For one final example to gauge where the USPTO and the Trademark Trial and Appeal Board (“TTAB”) stand in terms of color as of the late, the latter recently upheld an examiner’s refusal to register a non-fashion color mark – the color orange for use on “tool and tool accessory trays not made of metal sold empty and parts and fittings therefor” – on the basis that the mark “is not inherently distinctive, has not acquired distinctiveness, and thus, fails to function as a trademark.” (This is In re Grypmat, Inc.)
Given that the products at play are “non-metal tool and tool accessory trays” and not handbags or dresses, for instance, aesthetic functionality was not the issue, but instead, acquired distinctiveness. (Grypmat did not claim inherent distinctiveness.) Considering the six factors set forth in the Federal Circuit’s Converse decision, the TTAB determined that Grypmat “falls short of carrying the high burden of showing that its proposed color mark has acquired distinctiveness pursuant to Trademark Act Section 2(f).”

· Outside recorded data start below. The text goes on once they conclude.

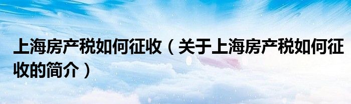 大家好,上海房產稅如何征收,關于上海房產稅如何征收的簡介很多人還不知道,現在讓我們一起來看看吧!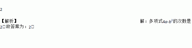多项式4a-b2的次数是__________________.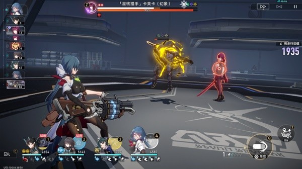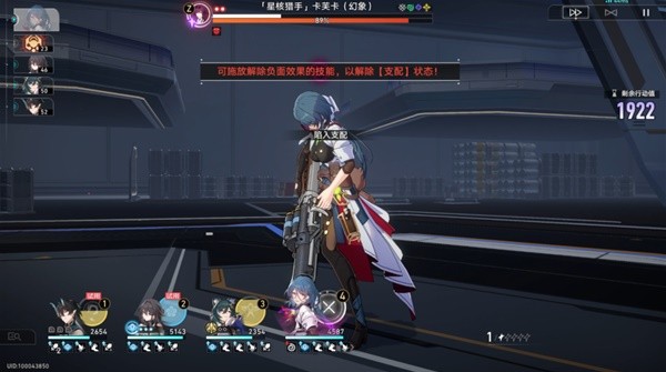饮月回合选择卡芙卡施放三级强普,如果之前留下一个员工没有击破,这个时候饮月就能再自拉条一次,可以用普攻多削韧卡芙卡一次。接着是卡芙卡行动,卡芙卡会直接支配控一个人,只要不是控的娜塔莎,等会娜塔莎就能解,但我这里是娜塔莎被控了,只能放任了。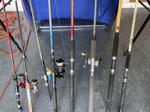 Includes Penn, Shakespeare, Daiwa, and more. Total 8 rods and 5 reels.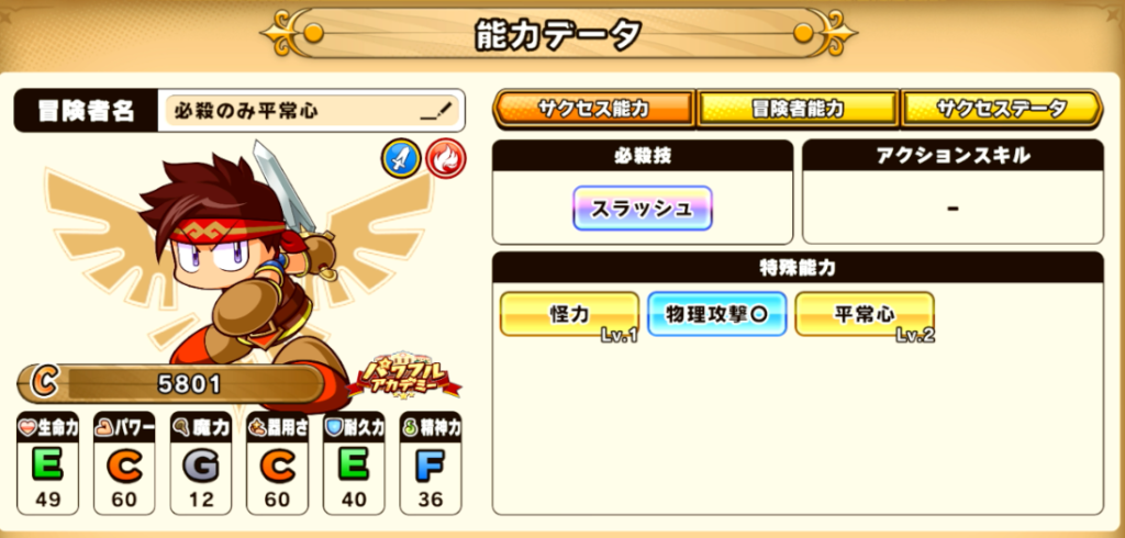 | 基礎能力 | パワー60(C) / 器用さ60(C) |

Among other things, the TTAB pointed to a lack of look-for advertising; there is “no such demonstrated effort by [Grypmat] to point the consumer’s attention to the color orange or promote this color as a distinctive source-identifying quality.” At the same time, the TTAB found that “the number of tool and tool accessory trays sold by [Grypmat] in the previous 5-6 years, as well as its expenditures in promoting these goods over that same period, are impressive. However, high sales and advertising figures do not always equate to a finding that mark has acquired distinctiveness, especially when, as here, there is a higher burden for making such a showing.”
And still yet, the TTAB said that the media coverage that Grypmat pointed to – including its two-time feature on “Shark Tank” and “attention to its goods” from publications like Time and Forbes – “adds to this exposure, but we find it troublesome that there is no mention within this evidence of any particular significance given to the orange color as a source-indicating feature of [Grypmat’s] goods.”
Taken together, the long and short of it is that single color marks still remain relatively difficult to come by for use on things other than packaging. That does not mean, of course, that fashion/luxury brands (and others) will not continue to try. I will update you accordingly.